Forces employed 198,228 personnel - including officers, civilian staff and PCSOs - at the end of September.

The tally fell by 6,201, or 3%, year-on-year - while it has dropped by more than 25,000 compared to a decade earlier.

It is the first time the total workforce figure has dipped below 200,000 since 2003.

Home Office figures showed an annual reduction of 2.2% in the number of police officers, which stood at 122,859 at the end of September.

This was a sharper fall than was seen in the previous two years, and continues a downward trend seen as constabularies face squeezes on their budgets.

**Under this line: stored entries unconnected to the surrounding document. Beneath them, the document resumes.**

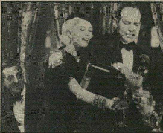
פרקינס וגולדבלום: סוכריה

נראה שגלישות מן הסוג הזה מתחילות לחיות חלק מן הסיננון של לאנדיס, וגם שיטת ההגשה של החומר אופיינית לו: המון אירוועים, הרודפים זה את זה, שיש בהם תמיד כמות מספקת שתספק את הצופה, גם אם מזמן לזמן מתחשק לו
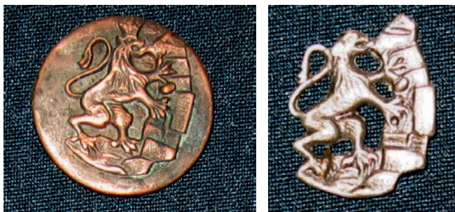
Ryc. 15 i 16. Spinka i znaczek.
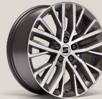
Performance FBI PUP
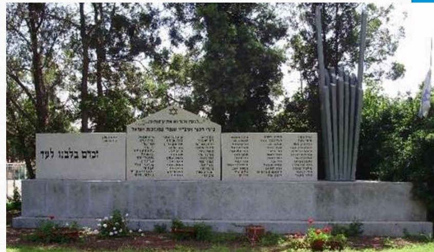
אנדרטה לבוגרי כפר הנוער על שם מוסינזון
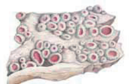
Punavahajäkälä Gyalecta alba • Almlar
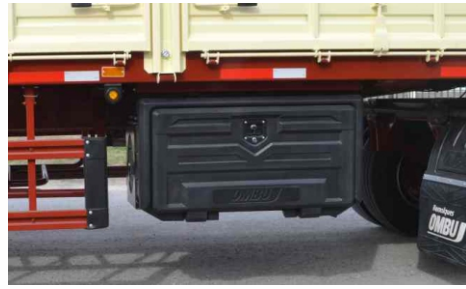
Cajón de herramientas lateral.
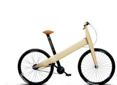
Vélo en bambou Fritsch
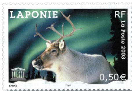
ill. 11: Émission de l'UNESCO.

différents (ill. 11). Ils sont émis à raison de deux timbres par année en moyenne. Jusqu'en 1998 ils portaient la mention République française (ou RF) et le nom UNESCO. Depuis la série émise le premier décembre 2001, ils sont identifiés par l'emblème de l'UNESCO comme sur le timbre-poste illustré ici (ill. 12).
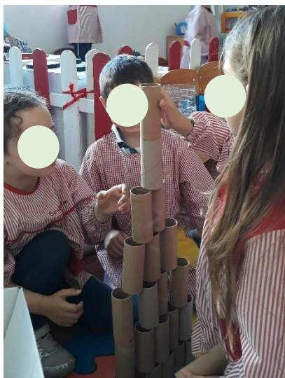
Figura 15 - Pirâmide
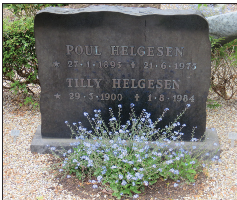
Elisabeths gode venner. Blåvand Kirkegård.

fik hun problemer med at gå. Hun kom derfor på plejehjem i Blåvand. Antagelig var denne chokerende oplevelse med til at forkorte hendes liv.
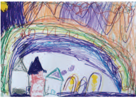
Παναγιώτης-Άγγελος Κωνσταντίνου, 7 ετών
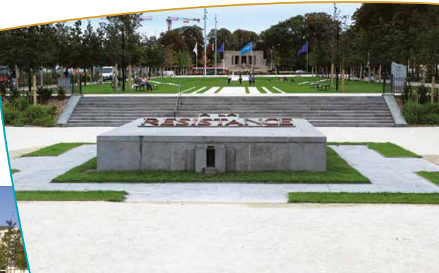
Monument en mémoire des martyrs de la résistance
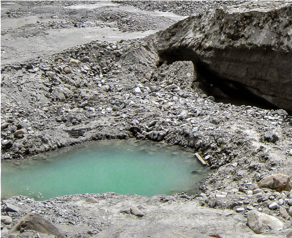
Abbildung 5: Toteisloch im Gletschervorfeld der Pasterze im Juli 2013. (MATZKA, 2014)

Ein weiteres Charakteristikum für Gletschervorfelder ist das Auftreten von Toteislöchern. Abb. 5 zeigt ein solches Toteisloch im Vorfeld der Pasterze.
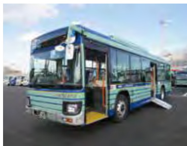
ノンステップバス

今後、更なる費用削減や増客・増収の取り組み、資産の有効活用などを進めていきます。

Policing numbers have fallen under the spotlight again in recent weeks.

Earlier this month, Britain's most senior police officer declared that the "warning lights are flashing" over crime.

Metropolitan Police commissioner Sir Bernard Hogan-Howe raised the alarm after figures laid bare the scale of fraud and cyber crime and showed a jump in violent offences recorded by forces.

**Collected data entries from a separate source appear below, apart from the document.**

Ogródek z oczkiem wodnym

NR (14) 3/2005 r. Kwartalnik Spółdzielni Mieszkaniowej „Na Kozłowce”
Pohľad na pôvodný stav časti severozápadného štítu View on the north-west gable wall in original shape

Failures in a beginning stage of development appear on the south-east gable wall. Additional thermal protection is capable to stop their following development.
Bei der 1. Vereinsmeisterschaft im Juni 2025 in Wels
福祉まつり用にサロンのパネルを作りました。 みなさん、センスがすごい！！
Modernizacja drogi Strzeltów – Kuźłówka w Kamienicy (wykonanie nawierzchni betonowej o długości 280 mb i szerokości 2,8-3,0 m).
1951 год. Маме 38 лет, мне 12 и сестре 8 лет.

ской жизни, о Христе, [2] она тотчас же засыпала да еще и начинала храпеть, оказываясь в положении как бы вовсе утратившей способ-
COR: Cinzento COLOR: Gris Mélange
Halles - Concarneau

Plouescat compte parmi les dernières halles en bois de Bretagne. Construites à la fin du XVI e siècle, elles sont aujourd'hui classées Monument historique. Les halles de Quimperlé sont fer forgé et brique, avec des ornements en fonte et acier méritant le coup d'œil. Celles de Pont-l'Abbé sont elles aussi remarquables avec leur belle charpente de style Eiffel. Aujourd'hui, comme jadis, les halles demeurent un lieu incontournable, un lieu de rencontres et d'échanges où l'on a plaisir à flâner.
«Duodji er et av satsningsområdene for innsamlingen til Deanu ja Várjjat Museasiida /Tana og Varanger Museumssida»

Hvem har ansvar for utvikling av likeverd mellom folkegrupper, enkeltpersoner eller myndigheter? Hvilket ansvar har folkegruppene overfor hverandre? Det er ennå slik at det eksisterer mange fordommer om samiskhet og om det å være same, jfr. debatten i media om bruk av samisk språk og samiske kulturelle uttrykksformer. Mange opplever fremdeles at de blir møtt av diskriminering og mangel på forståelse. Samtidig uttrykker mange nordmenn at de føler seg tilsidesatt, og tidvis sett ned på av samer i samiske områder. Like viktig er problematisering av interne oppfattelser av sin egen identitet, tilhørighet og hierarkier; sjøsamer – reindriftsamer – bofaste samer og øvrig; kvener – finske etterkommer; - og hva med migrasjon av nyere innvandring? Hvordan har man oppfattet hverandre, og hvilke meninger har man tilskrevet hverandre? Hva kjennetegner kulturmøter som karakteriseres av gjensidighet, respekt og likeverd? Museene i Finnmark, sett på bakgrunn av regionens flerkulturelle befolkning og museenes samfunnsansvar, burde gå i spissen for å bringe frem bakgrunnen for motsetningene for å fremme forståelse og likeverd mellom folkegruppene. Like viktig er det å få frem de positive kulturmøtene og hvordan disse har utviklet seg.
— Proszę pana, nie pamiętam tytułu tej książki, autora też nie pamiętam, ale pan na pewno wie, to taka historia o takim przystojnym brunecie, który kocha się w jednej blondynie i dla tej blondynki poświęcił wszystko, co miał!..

London Mayor Sadiq Khan has also warned it would become "near impossible" to maintain the number of officers on the capital's streets if the force was hit with further funding cuts.

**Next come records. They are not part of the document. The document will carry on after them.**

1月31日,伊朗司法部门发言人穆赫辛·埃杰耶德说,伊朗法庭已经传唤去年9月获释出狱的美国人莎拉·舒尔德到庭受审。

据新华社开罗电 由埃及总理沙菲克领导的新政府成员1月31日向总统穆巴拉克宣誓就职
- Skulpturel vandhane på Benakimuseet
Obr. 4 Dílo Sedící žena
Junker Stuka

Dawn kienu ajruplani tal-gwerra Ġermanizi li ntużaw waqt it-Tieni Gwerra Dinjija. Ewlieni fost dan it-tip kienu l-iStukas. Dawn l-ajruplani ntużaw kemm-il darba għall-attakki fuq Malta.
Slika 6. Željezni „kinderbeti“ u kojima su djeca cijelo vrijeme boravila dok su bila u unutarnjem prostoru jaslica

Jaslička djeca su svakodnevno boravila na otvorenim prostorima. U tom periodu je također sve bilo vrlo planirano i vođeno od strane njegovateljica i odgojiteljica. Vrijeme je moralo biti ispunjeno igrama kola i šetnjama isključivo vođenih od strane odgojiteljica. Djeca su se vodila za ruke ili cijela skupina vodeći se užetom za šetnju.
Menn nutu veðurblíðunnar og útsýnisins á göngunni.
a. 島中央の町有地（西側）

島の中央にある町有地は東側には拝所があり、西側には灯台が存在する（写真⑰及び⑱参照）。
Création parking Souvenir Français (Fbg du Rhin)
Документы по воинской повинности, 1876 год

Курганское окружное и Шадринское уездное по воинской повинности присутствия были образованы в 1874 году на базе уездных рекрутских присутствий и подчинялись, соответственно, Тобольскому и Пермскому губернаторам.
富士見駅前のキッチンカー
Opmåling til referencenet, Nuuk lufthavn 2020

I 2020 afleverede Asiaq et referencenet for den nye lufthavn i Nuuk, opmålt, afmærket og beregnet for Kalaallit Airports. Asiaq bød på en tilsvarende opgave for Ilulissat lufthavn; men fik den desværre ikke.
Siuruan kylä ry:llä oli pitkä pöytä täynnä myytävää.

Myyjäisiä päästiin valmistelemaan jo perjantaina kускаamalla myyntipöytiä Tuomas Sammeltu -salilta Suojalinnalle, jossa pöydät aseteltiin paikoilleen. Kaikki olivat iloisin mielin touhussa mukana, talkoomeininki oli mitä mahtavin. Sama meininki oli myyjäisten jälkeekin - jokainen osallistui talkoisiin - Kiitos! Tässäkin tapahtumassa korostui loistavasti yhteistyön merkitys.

Liberal Democrat Home Affairs spokesman Lord Paddick, a former senior Met Police officer, said: "The sheer scale and extent of these cuts is frightening.

"We are seeing police officers and staff cut from the front line when crimes such as robbery and knife crime are on the rise.

"Cuts, like this, year on year to the police are not sustainable if we are to keep crime under control."

The Government insisted that police reform is working.

Policing Minister Brandon Lewis said: "Crimes traditionally measured by the Crime Survey for England and Wales have fallen by a third since 2010, to a record low.

"Through the 2015 Spending Review, this Government has protected police funding - and the public should be in no doubt that forces will continue to have the resources they need to cut crime and keep our communities safe."